- Materials provided -

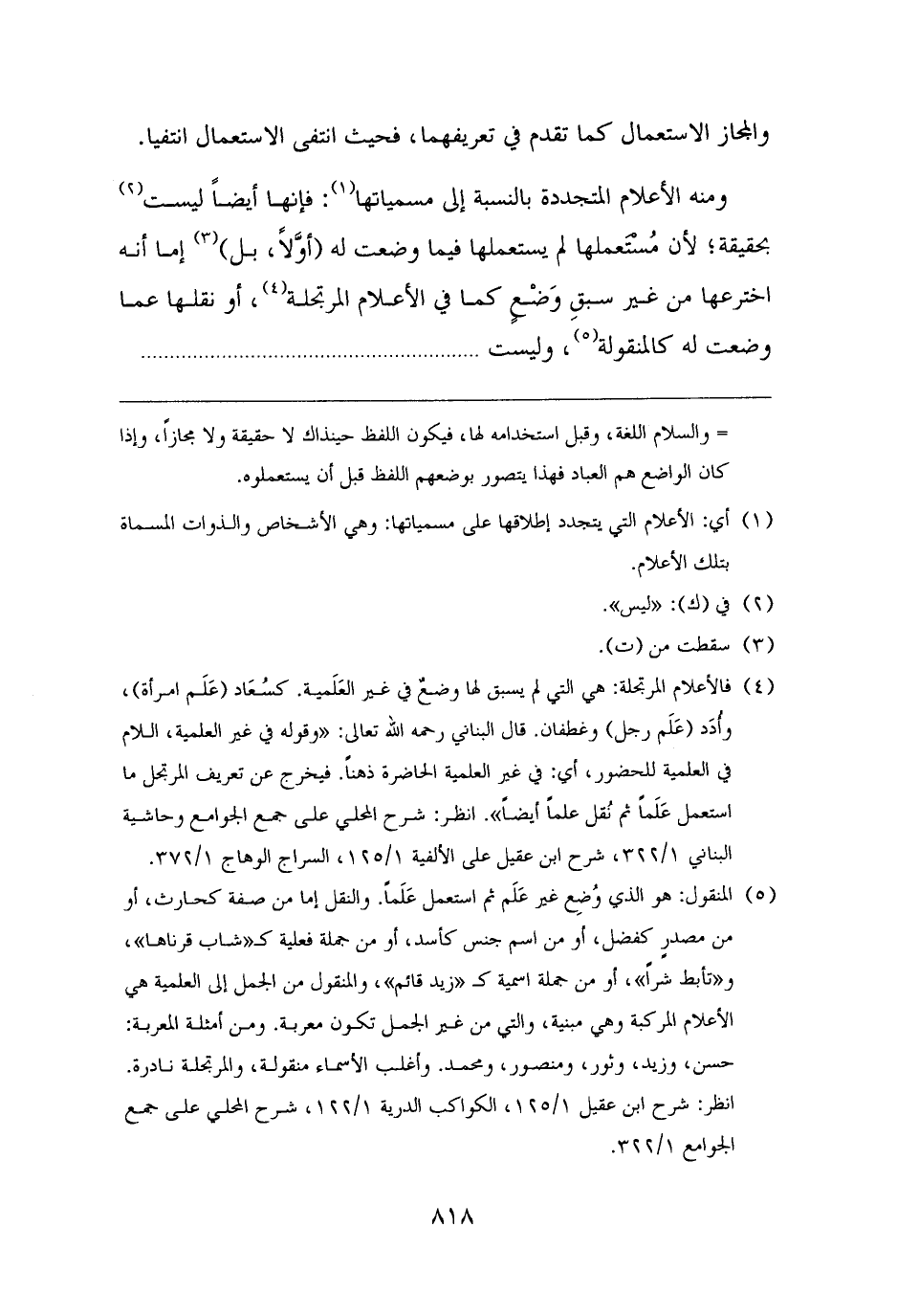 (¬٥) المنقول: هو الذي وُضِع غير عَلَم ثم استعمل عَلَمًا. والنقل إما من صفة كحارث، أو من مصدرٍ كفضل، أو من اسم جنس كأسد، أو من جملة فعلية كـ "شاب قرناها"، و"تأبط شرًا"، أو من جملة اسمية كـ "زيد قائم"، والمنقول من الجمل إلى العلمية هي الأعلام المركبة وهي مبنية، والتي من غير الجمل تكون معربة. ومن أمثلة المعربة: حسن، وزيد، وثور، ومنصور، ومحمد. وأغلب الأسماء منقولة، والمرتجلة نادرة. انظر: شرح ابن عقيل ١/ ١٢٥، الكواكب الدرية ١/ ١٢٢، شرح المحلى على جمع الجوامع ١/ ٣٢٢.
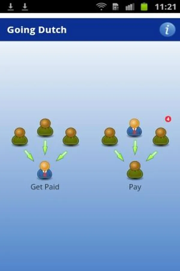 As the one that needs to get paid (the Payee) you start the Going Dutch app and tap the Get Paid icon.
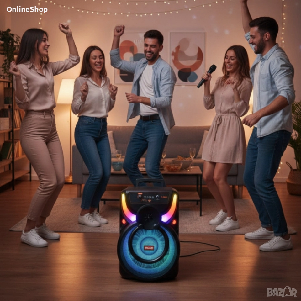 Вграденото FM радио, възможността за микрофон (според комплекта) и цветните RGB LED светлини превръщат колоната в малка мобилна сцена — идеална за караоке, игри, празници и дори за работа като аниматор.
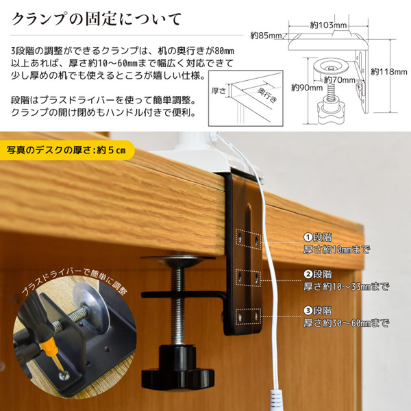 | その他サイズ | クランプ取付可能厚:約10mm以上60mm以下、奥行:80mm以上 |
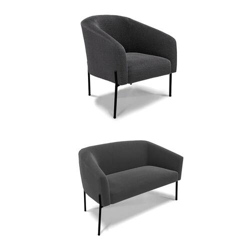 Sofá Namoradeira e Poltrona Pé Ferro Preto Stella Bouclê D03 - D`Rossi - Grafite
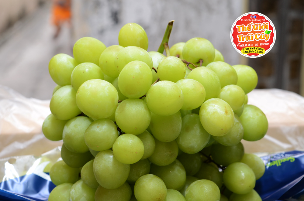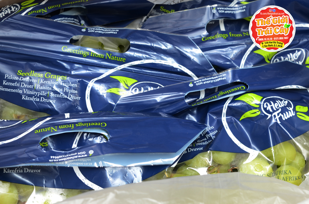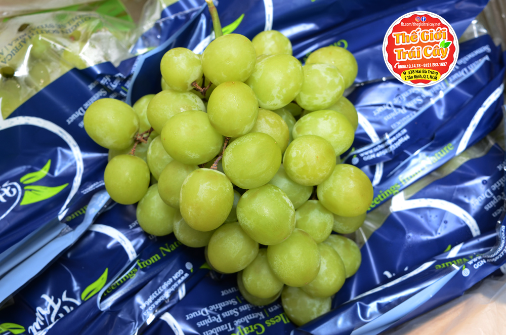 - Nho xanh Hellos Nam phi tại Thế giới trái cây có đặc điểm:giống Autumn Crips trái tròn rất to, cực giòn vị ngọt 95% có xen một ít chua nhẹ không đáng kể, hàng theo chùm chuỗi thích hợp cho khách chưng cúng hoặc làm quà.
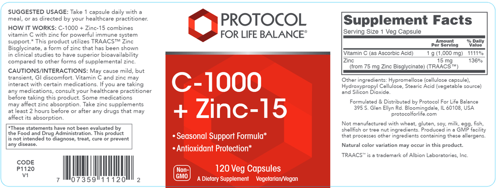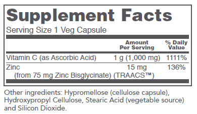 C-1000 + Zinc-15 combines vitamin C with zinc for powerful immune system support.* This product utilizes TRAACS™ Zinc Bisglycinate, a form of zinc that has been shown in clinical studies to have superior bioavailability compared to other forms of supplemental zinc.
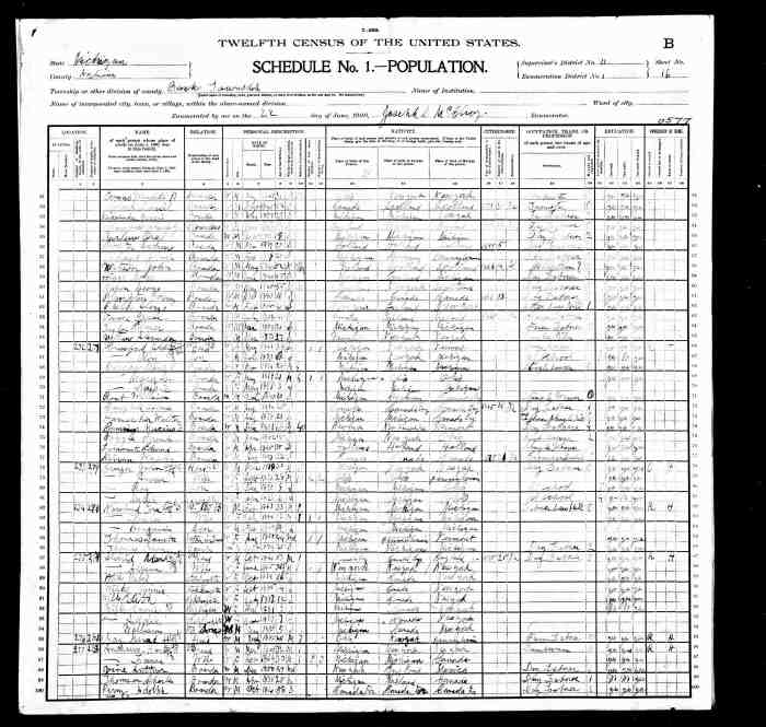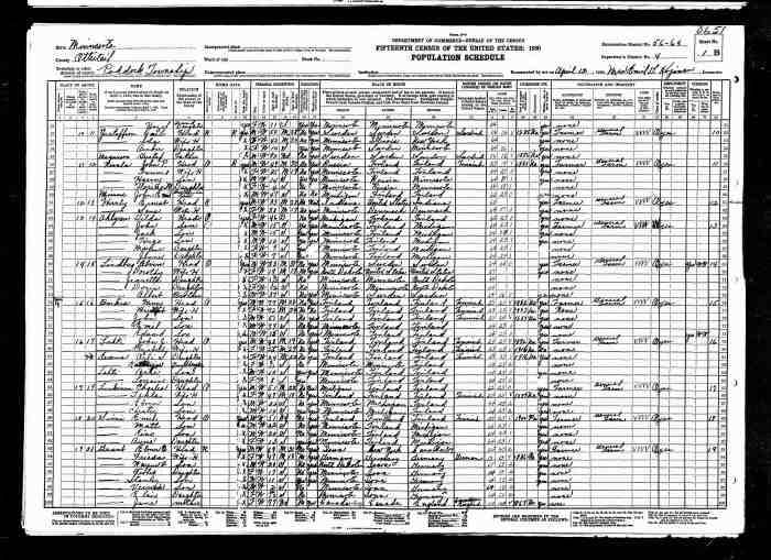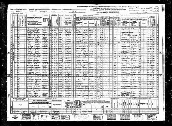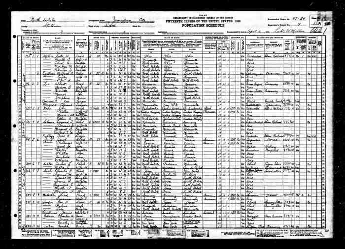 • Census: 1930, Jamestown, Stutsman, North Dakota; Roll: 1743; Page: 1A; Enumeration District: 0034; Image: 319.0; FHL microfilm: 2341477.

- What you are asked to do -
Each line above starting at the one holding "Вграденото FM радио, възможността" and ending at the one holding "C-1000 + Zinc-15" should be set down exactly as it stands, both ends included, with no pictures.

- Problem solution -
 Вграденото FM радио, възможността за микрофон (според комплекта) и цветните RGB LED светлини превръщат колоната в малка мобилна сцена — идеална за караоке, игри, празници и дори за работа като аниматор.
 | その他サイズ | クランプ取付可能厚:約10mm以上60mm以下、奥行:80mm以上 |
 Sofá Namoradeira e Poltrona Pé Ferro Preto Stella Bouclê D03 - D`Rossi - Grafite
 - Nho xanh Hellos Nam phi tại Thế giới trái cây có đặc điểm:giống Autumn Crips trái tròn rất to, cực giòn vị ngọt 95% có xen một ít chua nhẹ không đáng kể, hàng theo chùm chuỗi thích hợp cho khách chưng cúng hoặc làm quà.
 C-1000 + Zinc-15 combines vitamin C with zinc for powerful immune system support.* This product utilizes TRAACS™ Zinc Bisglycinate, a form of zinc that has been shown in clinical studies to have superior bioavailability compared to other forms of supplemental zinc.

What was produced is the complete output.